SUPPLIED DATA:

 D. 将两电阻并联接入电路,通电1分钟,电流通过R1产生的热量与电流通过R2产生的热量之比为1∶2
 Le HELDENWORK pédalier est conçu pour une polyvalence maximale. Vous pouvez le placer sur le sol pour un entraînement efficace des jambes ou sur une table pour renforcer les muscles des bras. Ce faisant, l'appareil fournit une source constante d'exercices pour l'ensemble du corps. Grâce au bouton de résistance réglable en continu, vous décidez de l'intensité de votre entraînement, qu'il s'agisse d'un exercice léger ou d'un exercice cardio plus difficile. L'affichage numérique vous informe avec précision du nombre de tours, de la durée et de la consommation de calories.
--
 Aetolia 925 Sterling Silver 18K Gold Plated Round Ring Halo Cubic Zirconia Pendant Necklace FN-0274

ACTION ITEM: Among the lines above, repeat exactly those from the line with "D. 将两电阻并联接入电路,通电1分钟,电流通过R1产生" to the line with "Le HELDENWORK pédalier", counting both ends.

RESULT FOR THIS EXERCISE:
 D. 将两电阻并联接入电路,通电1分钟,电流通过R1产生的热量与电流通过R2产生的热量之比为1∶2
 Le HELDENWORK pédalier est conçu pour une polyvalence maximale. Vous pouvez le placer sur le sol pour un entraînement efficace des jambes ou sur une table pour renforcer les muscles des bras. Ce faisant, l'appareil fournit une source constante d'exercices pour l'ensemble du corps. Grâce au bouton de résistance réglable en continu, vous décidez de l'intensité de votre entraînement, qu'il s'agisse d'un exercice léger ou d'un exercice cardio plus difficile. L'affichage numérique vous informe avec précision du nombre de tours, de la durée et de la consommation de calories.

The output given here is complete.